From 8e776c78a1976c97abd4f6b68ad46a821c119704 Mon Sep 17 00:00:00 2001
From: Jonah Bernard <96398205+Jonahcb@users.noreply.github.com>
Date: Sun, 12 Oct 2025 23:03:27 -0400
Subject: [PATCH] docs(router): add token-bucket rate limiting to the docs
 (#11485)

---
 docs/advanced_features/router.md | 30 ++++++++++++++++++++++++++++++
 1 file changed, 30 insertions(+)

diff --git a/docs/advanced_features/router.md b/docs/advanced_features/router.md
index 5eb4a2ff0..f2bb68942 100644
--- a/docs/advanced_features/router.md
+++ b/docs/advanced_features/router.md
@@ -11,6 +11,7 @@ The SGLang Router is a high-performance request distribution system that routes
 - **Kubernetes Integration**: Native service discovery and pod management
 - **Prefill-Decode Disaggregation**: Support for disaggregated serving load balancing
 - **Prometheus Metrics**: Built-in observability and monitoring
+- **Rate Limiter**: Token-bucket rate limiter to shield workers from overload
 
 ## Installation
 
@@ -229,6 +230,35 @@ python -m sglang_router.launch_router \
 - Returns to service after `cb-success-threshold` successful health checks
 - Circuit breaker can be disabled with `--disable-circuit-breaker`
 
+### Rate Limiter
+
+Use the token-bucket rate limiter to cap requests before they overwhelm downstream workers.
+
+- Enable rate limiting by setting `--max-concurrent-requests` to a positive integer.

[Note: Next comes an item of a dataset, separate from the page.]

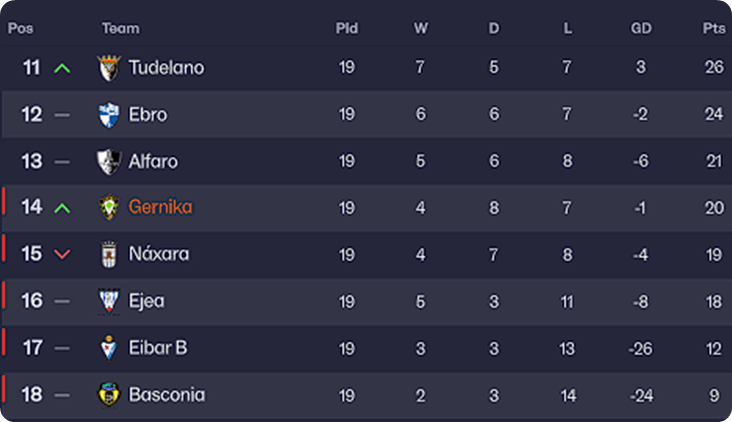 Full time: Gernika 5-1 Alfaro. Positives – massive win, 3.74 (with one penalty) xG created. Morales in the free role is unplayable. Areas to consider – twenty shots, of which eleven were from distance, allowed and 1.62xGA, including one huge 0.89xG goal. 69 passes allowed in our final third – a slight concern and, despite us conceded just once in three, makes me firmly realise that we are still a team at risk. We have a positive goal difference and now have a three point cushion to the relegation zone but there will be much harder tests of our defensive shape. One game whereby we are focused less on this has led to – yes – a great offensive showing but also one of our most vulnerable defensive performances. I cannot allow our standards to slip.

A bucket with that many tokens (concurrent leases) is created; `-1` keeps it disabled.
+- Optionally override the refill rate with `--rate-limit-tokens-per-second`. If omitted, the refill rate matches `max-concurrent-requests`.
+- Overflow traffic can wait in a FIFO queue controlled by:
+  - `--queue-size`: pending-request buffer (0 disables queuing; defaults to 100).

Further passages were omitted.